How is it different from recursion, memoization, etc?
I have read the wikipedia article on it, but I still don't really understand it.
Dynamic programming is when you use past knowledge to make solving a future problem easier.
A good example is solving the Fibonacci sequence for n=1,000,002.
This will be a very long process, but what if I give you the results for n=1,000,000 and n=1,000,001? Suddenly the problem just became more manageable.
Dynamic programming is used a lot in string problems, such as the string edit problem. You solve a subset(s) of the problem and then use that information to solve the more difficult original problem.
With dynamic programming, you store your results in some sort of table generally. When you need the answer to a problem, you reference the table and see if you already know what it is. If not, you use the data in your table to give yourself a stepping stone towards the answer.
The Cormen Algorithms book has a great chapter about dynamic programming. AND it's free on Google Books! Check it out here.
Dynamic programming is a technique used to avoid computing multiple times the same subproblem in a recursive algorithm.

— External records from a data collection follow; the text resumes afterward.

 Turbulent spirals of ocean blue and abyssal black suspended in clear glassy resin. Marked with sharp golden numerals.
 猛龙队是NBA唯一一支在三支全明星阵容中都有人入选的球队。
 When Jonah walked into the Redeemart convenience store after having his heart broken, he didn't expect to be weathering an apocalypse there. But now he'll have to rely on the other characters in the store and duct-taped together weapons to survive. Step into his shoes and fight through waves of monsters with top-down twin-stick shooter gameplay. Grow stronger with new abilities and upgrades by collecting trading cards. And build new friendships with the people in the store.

Let's take the simple example of the Fibonacci numbers: finding the n th Fibonacci number defined by
Fn = Fn-1 + Fn-2 and F0 = 0, F1 = 1
Recursion
The obvious way to do this is recursive:
def fibonacci(n):
if n == 0:
return 0
if n == 1:
return 1
return fibonacci(n - 1) + fibonacci(n - 2)
Dynamic Programming
Top Down - Memoization
The recursion does a lot of unnecessary calculations because a given Fibonacci number will be calculated multiple times. An easy way to improve this is to cache the results:
cache = {}
def fibonacci(n):
if n == 0:
return 0
if n == 1:
return 1
if n in cache:
return cache[n]
cache[n] = fibonacci(n - 1) + fibonacci(n - 2)
return cache[n]
Bottom-Up
A better way to do this is to get rid of the recursion all-together by evaluating the results in the right order:
cache = {}
def fibonacci(n):
cache[0] = 0
cache[1] = 1
for i in range(2, n + 1):
cache[i] = cache[i - 1] + cache[i - 2]
return cache[n]
We can even use constant space and store only the necessary partial results along the way:
def fibonacci(n):
fi_minus_2 = 0
fi_minus_1 = 1
for i in range(2, n + 1):
fi = fi_minus_1 + fi_minus_2
fi_minus_1, fi_minus_2 = fi, fi_minus_1
return fi
How apply dynamic programming?
Find the recursion in the problem.
Top-down: store the answer for each subproblem in a table to avoid having to recompute them.
Bottom-up: Find the right order to evaluate the results so that partial results are available when needed.

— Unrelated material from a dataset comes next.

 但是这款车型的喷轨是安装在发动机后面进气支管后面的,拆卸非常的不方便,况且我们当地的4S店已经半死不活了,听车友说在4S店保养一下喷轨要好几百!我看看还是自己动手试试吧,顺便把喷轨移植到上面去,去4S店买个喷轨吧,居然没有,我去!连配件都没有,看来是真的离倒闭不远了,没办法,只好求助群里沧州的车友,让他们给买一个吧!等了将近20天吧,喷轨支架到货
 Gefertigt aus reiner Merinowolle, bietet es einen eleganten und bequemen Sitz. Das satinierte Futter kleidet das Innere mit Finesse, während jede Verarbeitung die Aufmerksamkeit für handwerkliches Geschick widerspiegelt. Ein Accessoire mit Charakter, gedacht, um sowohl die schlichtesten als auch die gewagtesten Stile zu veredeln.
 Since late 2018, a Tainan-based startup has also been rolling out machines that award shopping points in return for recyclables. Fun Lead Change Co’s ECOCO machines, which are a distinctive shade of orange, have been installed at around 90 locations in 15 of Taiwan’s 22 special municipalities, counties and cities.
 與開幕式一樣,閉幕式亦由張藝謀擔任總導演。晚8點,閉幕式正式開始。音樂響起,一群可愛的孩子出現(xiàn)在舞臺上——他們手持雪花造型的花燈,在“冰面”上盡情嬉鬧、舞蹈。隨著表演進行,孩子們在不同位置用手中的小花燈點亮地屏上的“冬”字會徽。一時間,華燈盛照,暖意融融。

Dynamic programming generally works for problems that have an inherent left to right order such as strings, trees or integer sequences. If the naive recursive algorithm does not compute the same subproblem multiple times, dynamic programming won't help.
I made a collection of problems to help understand the logic: https://github.com/tristanguigue/dynamic-programing
Memoization is the when you store previous results of a function call (a real function always returns the same thing, given the same inputs). It doesn't make a difference for algorithmic complexity before the results are stored.
Recursion is the method of a function calling itself, usually with a smaller dataset. Since most recursive functions can be converted to similar iterative functions, this doesn't make a difference for algorithmic complexity either.
Dynamic programming is the process of solving easier-to-solve sub-problems and building up the answer from that. Most DP algorithms will be in the running times between a Greedy algorithm (if one exists) and an exponential (enumerate all possibilities and find the best one) algorithm.
DP algorithms could be implemented with recursion, but they don't have to be.
DP algorithms can't be sped up by memoization, since each sub-problem is only ever solved (or the "solve" function called) once.
It's an optimization of your algorithm that cuts running time.
While a Greedy Algorithm is usually called naive, because it may run multiple times over the same set of data, Dynamic Programming avoids this pitfall through a deeper understanding of the partial results that must be stored to help build the final solution.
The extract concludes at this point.